Ayende @ Rahien

It's a girl

What is up with RavenDB 2.0? Performance…

Well, one thing that we put a lot of focus on was performance. In order to test that, I had a dataset of 4.66 million documents (IMDB data set, if you care) as well as two indexes defined.

The results for RavenDB 2.0 (drum roll):

Loading 4.66 millions records in 44 minutes. Average rate of less then half a millisecond per document.

But wait, what about the indexes? Well, RavenDB index stuff as they come, and as we were inserting the documents, they were indexed along the way. That meant that 11 seconds after we were done putting 4.66 millions documents to RavenDB, we were done indexing (across all indexes).

Pretty nice perf, even if I say so myself.

Tags:

Posted By: Ayende Rahien

Published at

Originally posted at

Comments

Pop Catalin
11/22/2012 04:23 PM by
Pop Catalin

"Loading 4.66 millions records in 44 minutes"

This means 1756 documents / second.

Is the I/O channel saturated from this? Disk write speed maxed out?

I don't know about the complexity of those documents, however an ETL process can reach over 50k "rows" per second on my modest machine using bulk load.

Therefore I think it would be interesting to see some benchmarks for small documents (1 property), medium (10-100 properties) large (1000+ properties) and the I/O caracteristics of Raven DB during such operations.

Ayende Rahien
11/22/2012 04:32 PM by
Ayende Rahien

Pop, This is meant to show indexing performance more than anything else. Bulk load is doing something quite different.

Jamie
11/22/2012 04:42 PM by
Jamie

What options do you have for doing an actual bulk load? Say if we wanted to load 250m moderately complex documents - is there some kind of bulk load option which can do batch indexing after?

Jeús López
11/22/2012 04:43 PM by
Jeús López

May I ask where you downloaded the IMDB dataset from?

Remco Ros
11/22/2012 07:23 PM by
Remco Ros

@Jeús http://www.imdb.com/interfaces

Nabil
11/22/2012 08:51 PM by
Nabil

Would be great if you could direct us to your ETL process.
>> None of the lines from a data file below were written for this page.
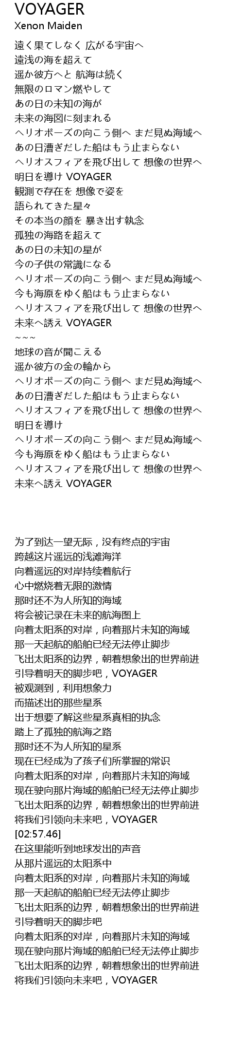 | [02:51.77] | 将我们引领向未来吧,VOYAGER |
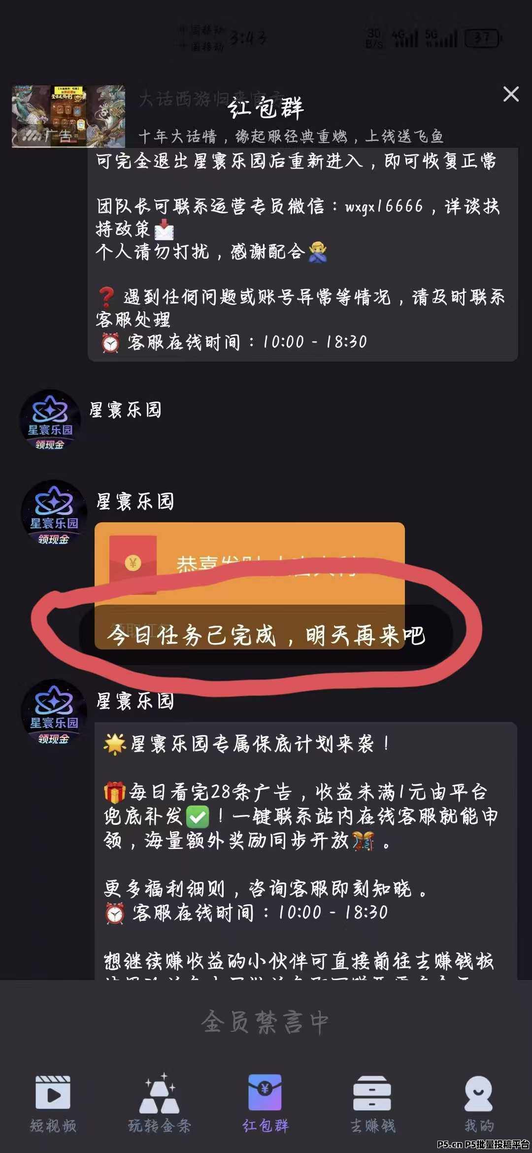 当日红包群广告浏览完成后,收益不足1元,平台全额兜底补发
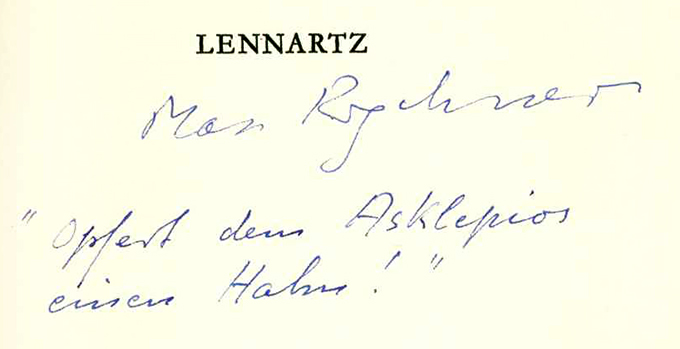 Rychner, Max, Lennartz. Erinnerungen an einen Arzt. Olten 1963. 3 Bl., 61, (3) S., 3 Bl., OHldr. (Rücken wie nahezu immer etw. verblaßt). Sonst sehr schönes Exemplar. EA WG² 53. * Exemplar aus dem Nachlaß des Verlegers. – 98. Publikation der Vereinigung Oltner Bücherfreunde. Nr. 1 von 105 (ges. 600) in der Presse numer. Exemplaren der Vorzugsausgabe [B], hier mit dem gedruckten Vermerk „Eigentum von William Matheson“. Vortitelblatt nicht nur wie bei den Vorzugsausgaben üblich von Rychner signiert, sondern mit eigenhänd. Zusatz des Dichters: „Opfert dem Asklepios einen Hahn!“. Die Vorzugsausgaben wurden von Hugo Peller in blaues Maroquin-Halbleder gebunden, mit golgepr. Rückentitel, Kopfgoldschnitt, handgestochenen Kapitalen u. Batik-Modeldruck-Überzugspapier. – Satz des Textes aus der Garamond-Antiqua, gedruckt auf kräftiges Zerkall-Bütten.
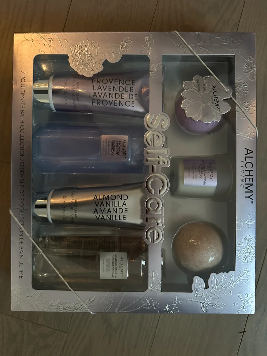 This is a lovely Alchemy Living 7-piece ultimate bath collection. It includes Provence Lavender hand cream (70ml), Provence Lavender bubble bath (260ml), Almond Vanilla hand cream (120ml), and Almond Vanilla shower gel. Perfect for a self-care day!
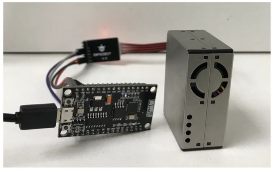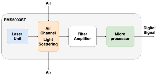 The PMS5003ST (Beijing Plantower Co., Ltd, Beijing, China) is a multifunction sensor that can measure the concentration of particles and formaldehyde, as well as temperature and humidity levels. This sensor can be used to provide particle concentration levels by calculating the number of suspended particles in the air using the laser scattering principle. Moreover, this sensor module incorporates an electrochemical probe for formaldehyde detection and a built-in sensor unit for temperature and humidity. This sensor uses a laser unit to generate scattering to radiate the suspending particles in the air (Figure 3).

I noticed the old ETL project in the raven source is no longer there?

Will Hughes
11/22/2012 10:13 PM by
Will Hughes

Is it possible to get a comparison with Raven 1.x's performance using the same dataset and hardware?

Ayende Rahien
11/22/2012 11:41 PM by
Ayende Rahien

Jamie, We will have bulk load work done after the release. It is a bit involved, as you might imagine.

Ayende Rahien
11/22/2012 11:41 PM by
Ayende Rahien

The "ETL code" is just the smuggler.

Daniel Lang
11/23/2012 08:29 AM by
Daniel Lang

I really don't understand why people care so much about 'bulk load' performance. I mean really, what's the difference between writing 1.000 or 5.000 documents per second WITHOUT indexing?

The whole point about raven is that is has indexes for you to do calculation or queries. If you don't need that, you have a key/value store for which you don't need raven in the first place.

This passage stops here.